The second study reports on the development of a data processing method (DP) that can
be employed to analyze single nanoparticles (NPs) using single-particle (sp)-ICP-MS by
means of μs dwell times. Herein, the developed (A) DP-75μs-sp-ICP-MS is validated through
comparisons with the benchmark (B) DP-5σ-10ms-Syngistix™ Nano method, as well as by
conducting silver (Ag) mass recovery experiments in seawater samples. Analysis of a
reference 60 nm AgNP suspension showed excellent agreement between A and B in terms
of NP peak area (38.8 and 37 counts for A and B, respectively) and transport efficiency (2.3
and 2.1 % for A and B, respectively). Analysis of seawater mesocosm tanks, spiked with 60
nm AgNPs, across a concentration range of 50-500 ng L-1, yielded Ag mass recoveries of
83 ± 22% and 86 ± 21% for A and B, respectively. The applicability of DP-μs-sp-ICP-MS
was demonstrated in a seawater mesocosm experiment, where Ag-containing NPs could be
tracked at the early stages of formation.

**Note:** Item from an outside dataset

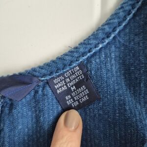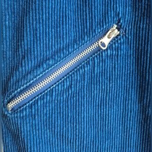 Blue corduroy zip-up overall mini dress. Zipper pockets. Size medium. 100% cotton.

In a third study, coupling of a microfluidic chip to ICP-MS was accomplished using a
combination of commercially available components, including a pneumatic high-efficiency
nebulizer and a spray chamber designed to allow for the addition of a laminar flow makeup
gas. To demonstrate the efficiency of this coupling, standard dilution analysis (SDA) was
employed for the first time for chip-based ICP-MS. High average recoveries (97.4-100.1%)
and low average relative standard deviations (2.9-4.8%) were achieved for the determined
elements (Cd, Co, Pb, Cr) across several spiked matrices and certified reference materials,
whereas only 140 μL of sample is required for SDA in triplicate or 40 μL for a single analysis.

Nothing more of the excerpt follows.